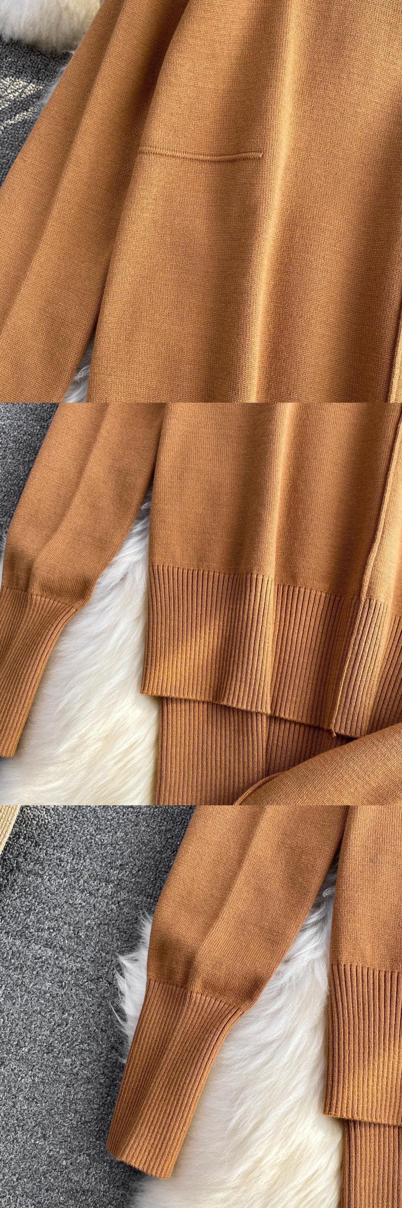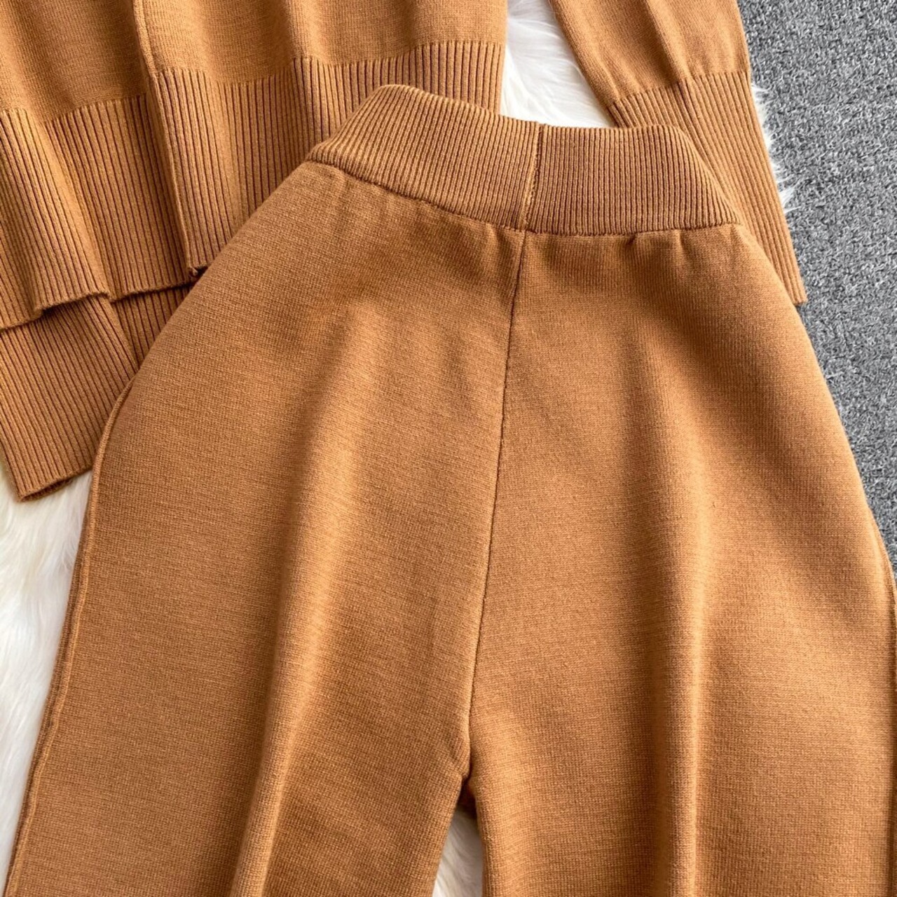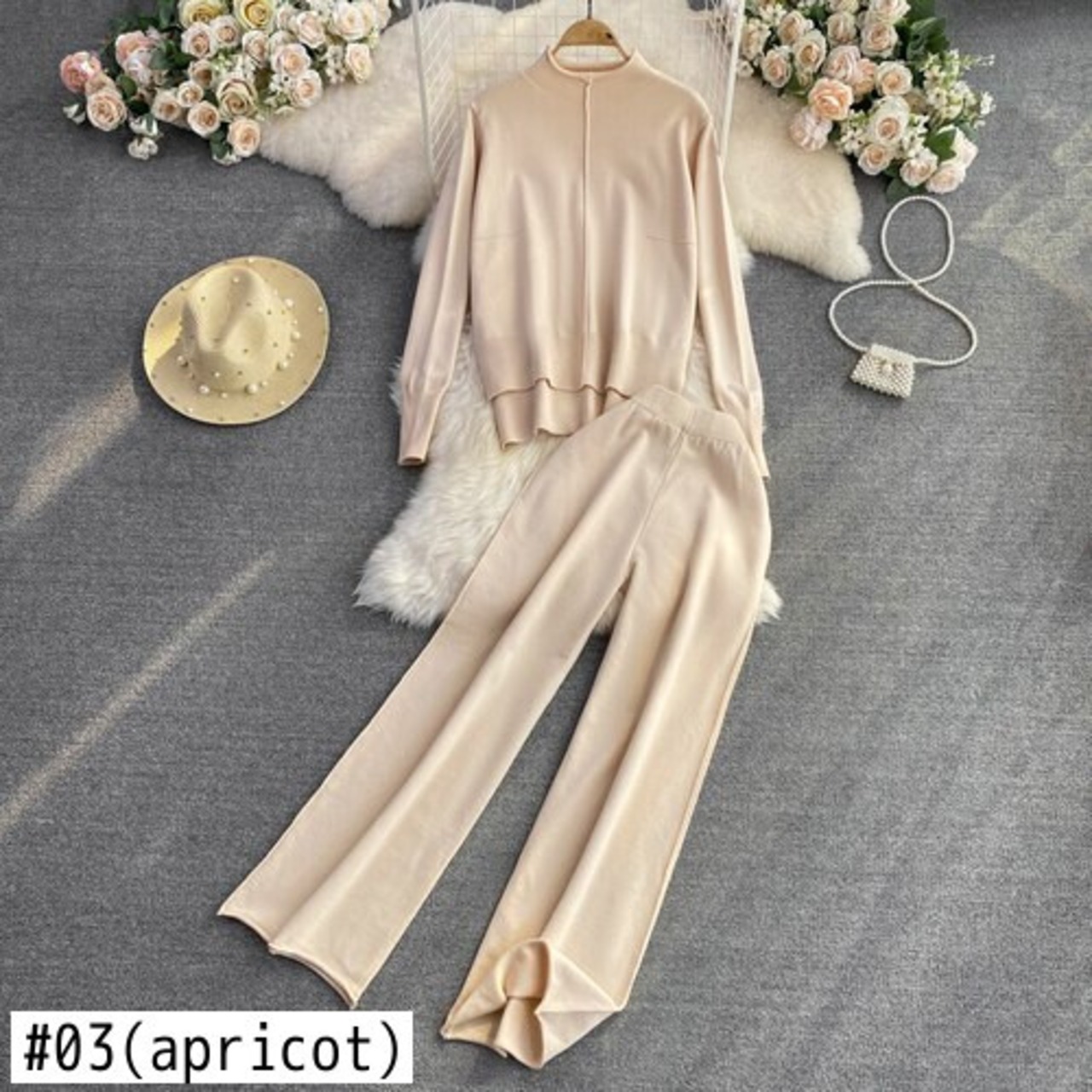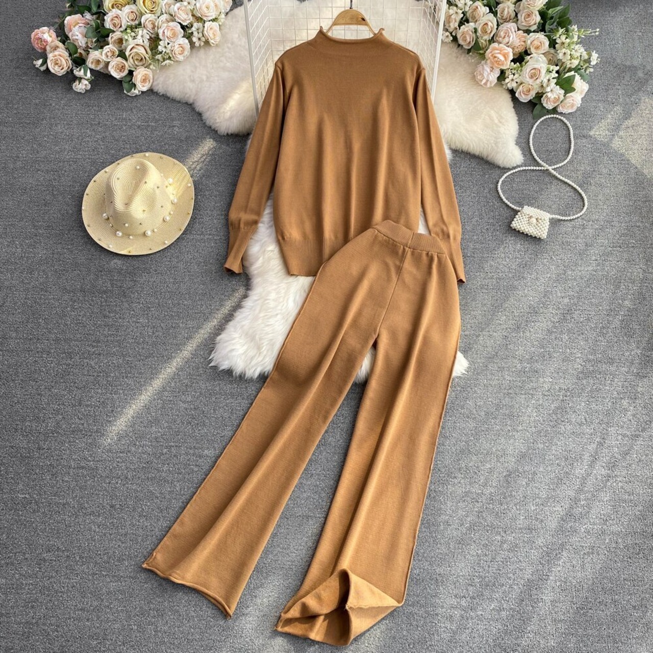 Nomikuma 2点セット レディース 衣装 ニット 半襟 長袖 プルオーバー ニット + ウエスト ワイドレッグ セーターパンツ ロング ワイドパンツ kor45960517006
------------------------------
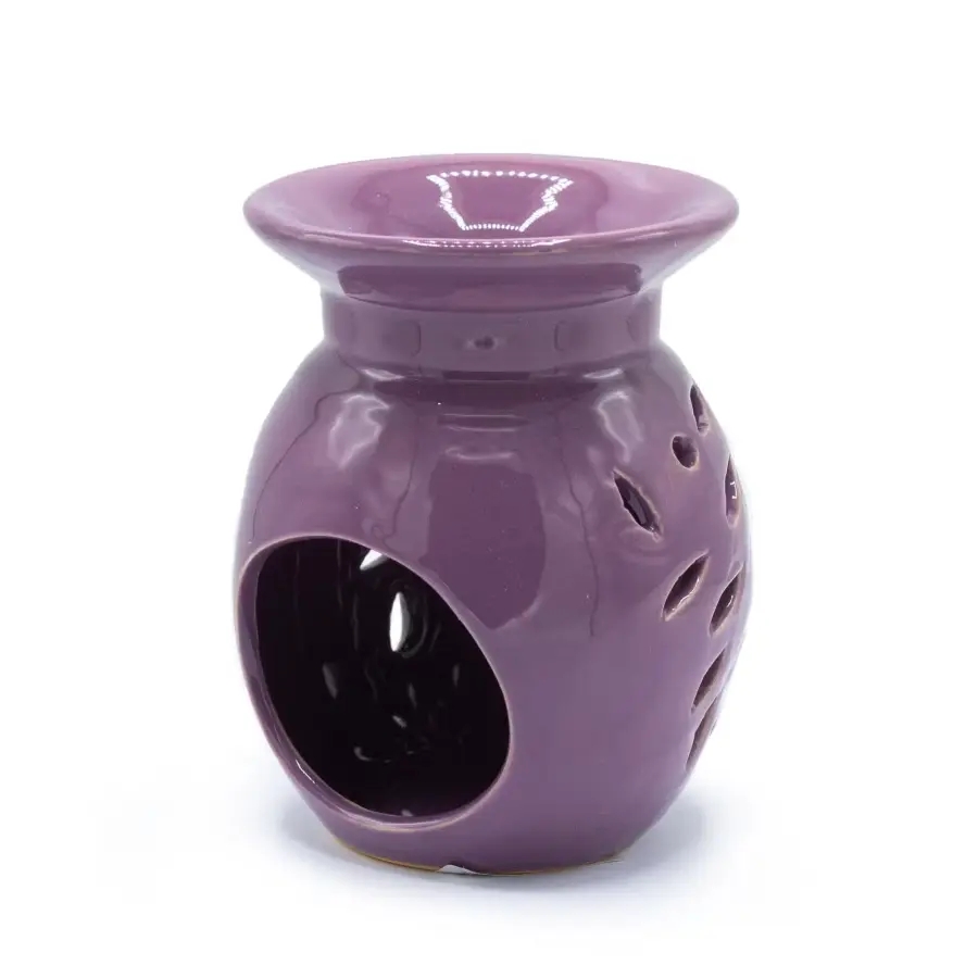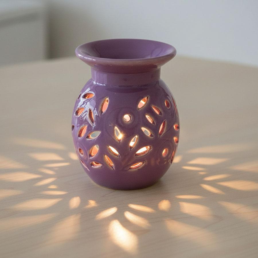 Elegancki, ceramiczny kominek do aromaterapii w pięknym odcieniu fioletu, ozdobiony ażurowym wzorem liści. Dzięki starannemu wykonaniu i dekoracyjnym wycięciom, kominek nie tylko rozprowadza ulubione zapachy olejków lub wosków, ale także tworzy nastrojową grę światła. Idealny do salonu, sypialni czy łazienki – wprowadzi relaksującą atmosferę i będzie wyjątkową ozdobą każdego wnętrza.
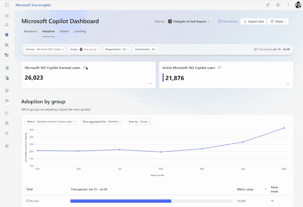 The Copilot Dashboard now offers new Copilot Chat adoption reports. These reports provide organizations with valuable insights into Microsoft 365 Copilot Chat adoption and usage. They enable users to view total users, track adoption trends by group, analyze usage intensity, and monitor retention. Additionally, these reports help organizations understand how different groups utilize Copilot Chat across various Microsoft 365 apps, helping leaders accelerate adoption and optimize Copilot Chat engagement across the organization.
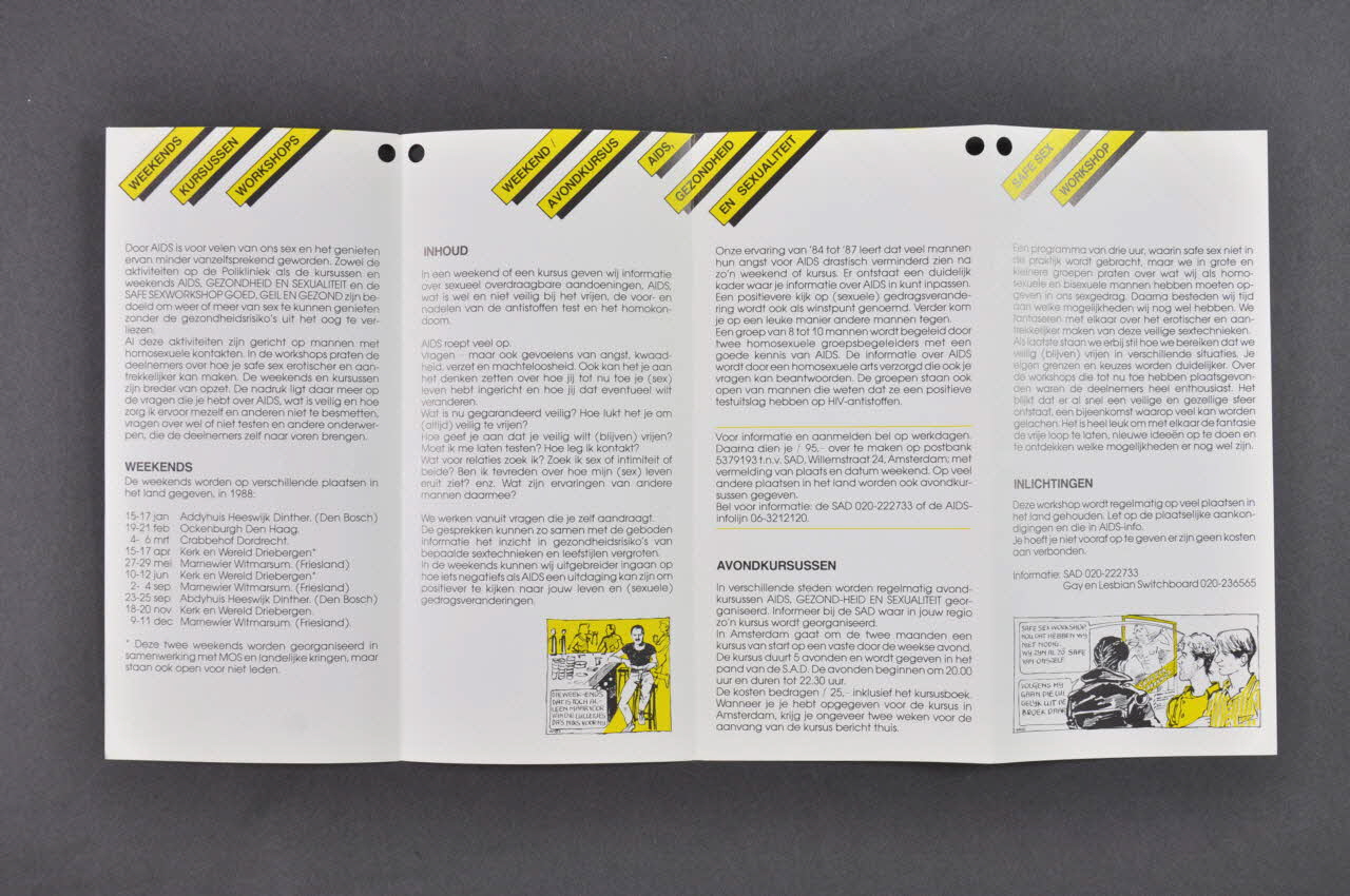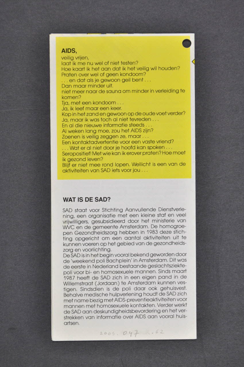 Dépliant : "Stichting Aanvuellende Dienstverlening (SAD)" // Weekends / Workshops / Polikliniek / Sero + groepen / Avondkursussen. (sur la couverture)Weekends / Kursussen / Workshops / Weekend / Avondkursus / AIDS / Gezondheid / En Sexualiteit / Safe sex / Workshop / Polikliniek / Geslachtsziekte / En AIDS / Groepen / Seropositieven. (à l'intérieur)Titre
------------------------------
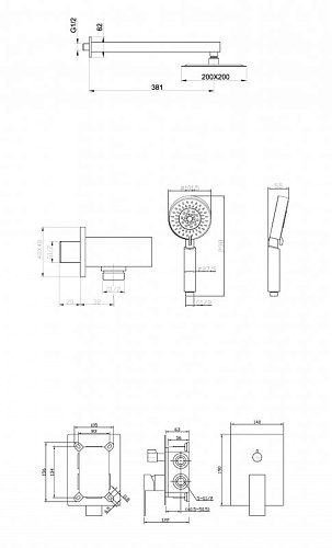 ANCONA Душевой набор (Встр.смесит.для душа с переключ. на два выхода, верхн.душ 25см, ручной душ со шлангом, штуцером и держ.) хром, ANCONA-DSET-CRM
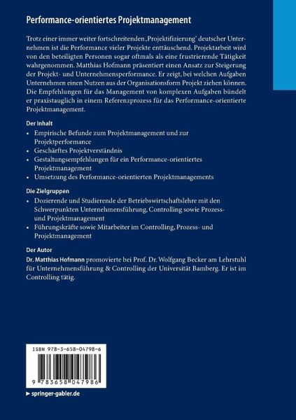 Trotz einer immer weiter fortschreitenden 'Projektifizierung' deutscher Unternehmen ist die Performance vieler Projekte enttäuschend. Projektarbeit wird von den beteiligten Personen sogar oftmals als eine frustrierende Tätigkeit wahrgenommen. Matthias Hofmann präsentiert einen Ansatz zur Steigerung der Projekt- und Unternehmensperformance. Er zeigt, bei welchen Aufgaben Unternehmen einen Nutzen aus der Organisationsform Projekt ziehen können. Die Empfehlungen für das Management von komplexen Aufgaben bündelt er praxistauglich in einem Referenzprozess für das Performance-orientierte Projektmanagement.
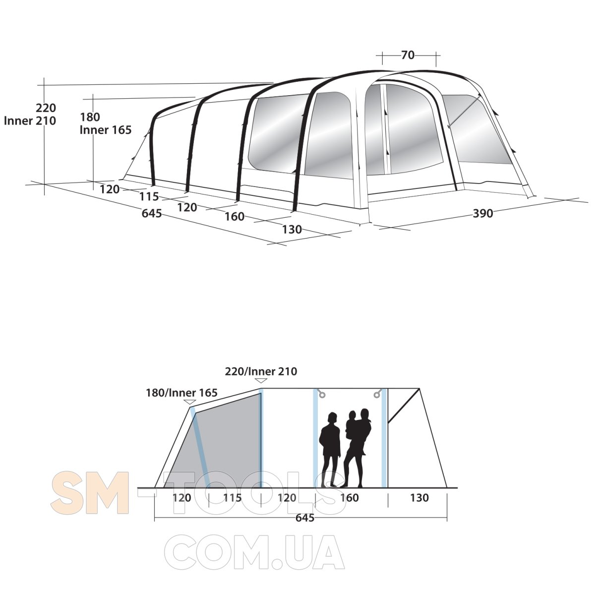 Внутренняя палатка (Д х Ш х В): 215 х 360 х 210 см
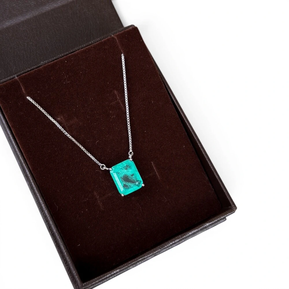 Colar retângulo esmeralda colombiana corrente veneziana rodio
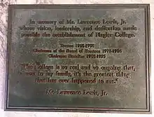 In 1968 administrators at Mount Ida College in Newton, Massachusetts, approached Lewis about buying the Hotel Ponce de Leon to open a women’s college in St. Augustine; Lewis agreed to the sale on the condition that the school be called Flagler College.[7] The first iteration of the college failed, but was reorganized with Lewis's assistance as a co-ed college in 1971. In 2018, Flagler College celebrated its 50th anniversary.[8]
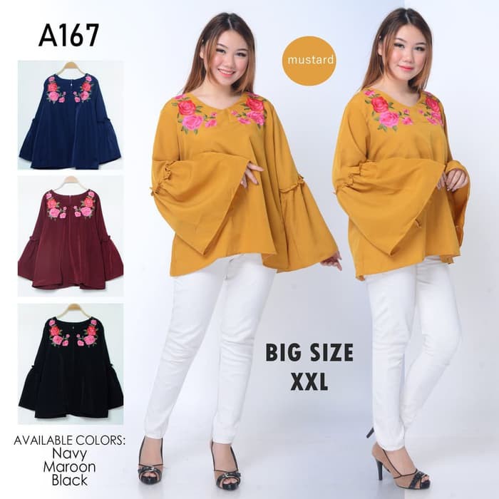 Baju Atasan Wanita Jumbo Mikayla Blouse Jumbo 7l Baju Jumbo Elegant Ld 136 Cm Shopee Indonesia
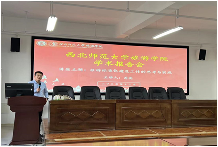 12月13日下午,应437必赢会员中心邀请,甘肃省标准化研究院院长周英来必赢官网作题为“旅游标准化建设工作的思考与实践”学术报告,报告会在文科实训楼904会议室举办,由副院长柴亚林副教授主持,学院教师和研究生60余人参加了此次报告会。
------------------------------
**Directions for this task**
The answer must be the part of the records that opens with the line containing "Внутренняя палатка (Д" and closes with the line containing "Colar retângulo esmeralda", reproduced exactly, with no pictures.

**Response for this exercise**
 Внутренняя палатка (Д х Ш х В): 215 х 360 х 210 см
 Colar retângulo esmeralda colombiana corrente veneziana rodio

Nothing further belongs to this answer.